August could mark a tipping point for much higher ​oil prices ⁠if demand rises and the Iran war supply crisis ‌persists, an Abu Dhabi state oil company executive said on Tuesday, ​adding it could take up to a year for supply chains to ​recover even ​after flows normalise. Transit through the Strait of Hormuz will remain partial and below pre-war levels as long ⁠as uncertainty over peace persists, Philippe Khoury, ADNOC's executive vice president for sales and trading, told the Middle East Petroleum and Gas Conference in London.

"It's not going to resume like ​a flip ‌of a ⁠switch," Khoury said, ⁠adding that some elements of the supply chain would take weeks to ​restore and others months, with a ‌full return to pre-war conditions potentially ⁠taking until mid-2027.

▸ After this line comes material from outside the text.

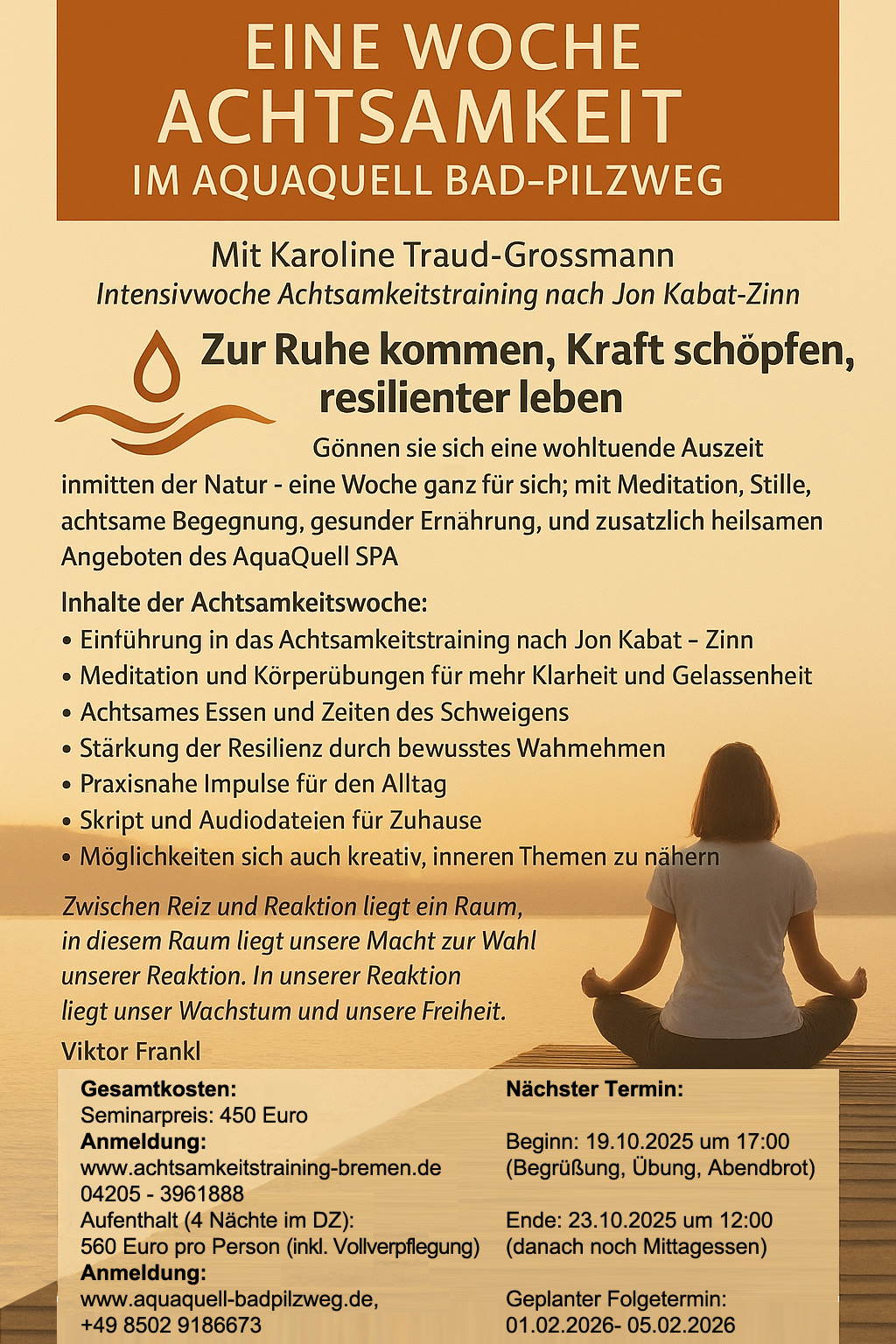 Meine Kurse unterstützen Sie dabei, den vielfältigen alltäglichen Stressfaktoren mit größerer Gelassenheit begegnen zu können. Sie werden über Achtsamkeitsübungen und Meditationen darin begleitet, mehr in Ihrer eigenen Mitte anzukommen…

ADNOC CEO Sultan Al Jaber said last month there would be no full return of Hormuz flows until the first or second quarter of 2027.

Economies have been shrinking demand, and if they continue to do so, prices could stay around $100 a barrel, Khoury said. But if demand recovers and the crisis extends, August could ‌be the tipping point for much higher prices, he ⁠added.

It was not clear how much ​further demand can shrink, he said.

"I think the way we see things today, it's difficult to predict a very bright, ​you know, ‌outcome," he said of prices.